→ **Assignment**
In the material below, find the span from the line with "法式新款黑色蝴蝶结飘带小抓夹百搭半扎马尾夹爆款少女鲨鱼夹头饰" to the line with "(中)花壇のホウセンカやヒマ" and transcribe only those lines, exactly, ends included, without the pictures.

→ **Records shown**
....................
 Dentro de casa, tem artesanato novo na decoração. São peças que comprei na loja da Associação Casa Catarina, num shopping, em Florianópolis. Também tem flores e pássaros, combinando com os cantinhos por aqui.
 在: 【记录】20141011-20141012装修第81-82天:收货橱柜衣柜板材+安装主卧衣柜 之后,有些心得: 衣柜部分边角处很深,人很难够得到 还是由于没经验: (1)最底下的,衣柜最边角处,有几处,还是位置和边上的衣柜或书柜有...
....................
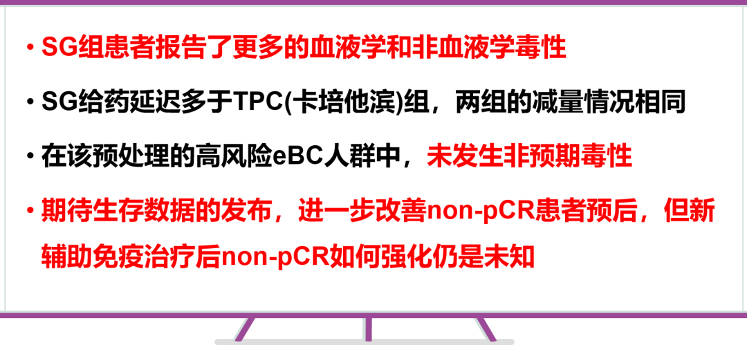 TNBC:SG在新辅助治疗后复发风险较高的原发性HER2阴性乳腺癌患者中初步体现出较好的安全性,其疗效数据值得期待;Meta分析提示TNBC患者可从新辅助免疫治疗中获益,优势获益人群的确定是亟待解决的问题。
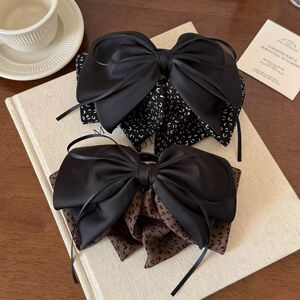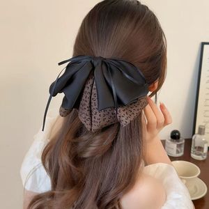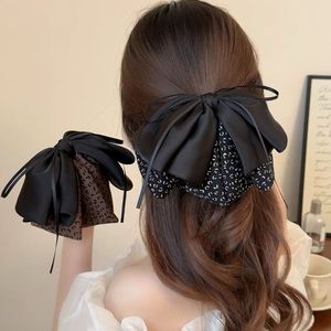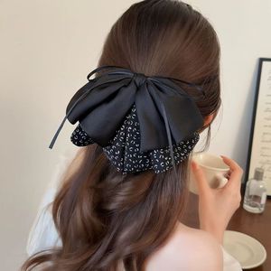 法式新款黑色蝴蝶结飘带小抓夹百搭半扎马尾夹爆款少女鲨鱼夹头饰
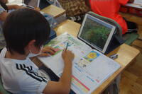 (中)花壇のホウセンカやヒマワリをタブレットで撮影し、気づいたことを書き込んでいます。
....................
→ **Result for this task**
 法式新款黑色蝴蝶结飘带小抓夹百搭半扎马尾夹爆款少女鲨鱼夹头饰
 (中)花壇のホウセンカやヒマワリをタブレットで撮影し、気づいたことを書き込んでいます。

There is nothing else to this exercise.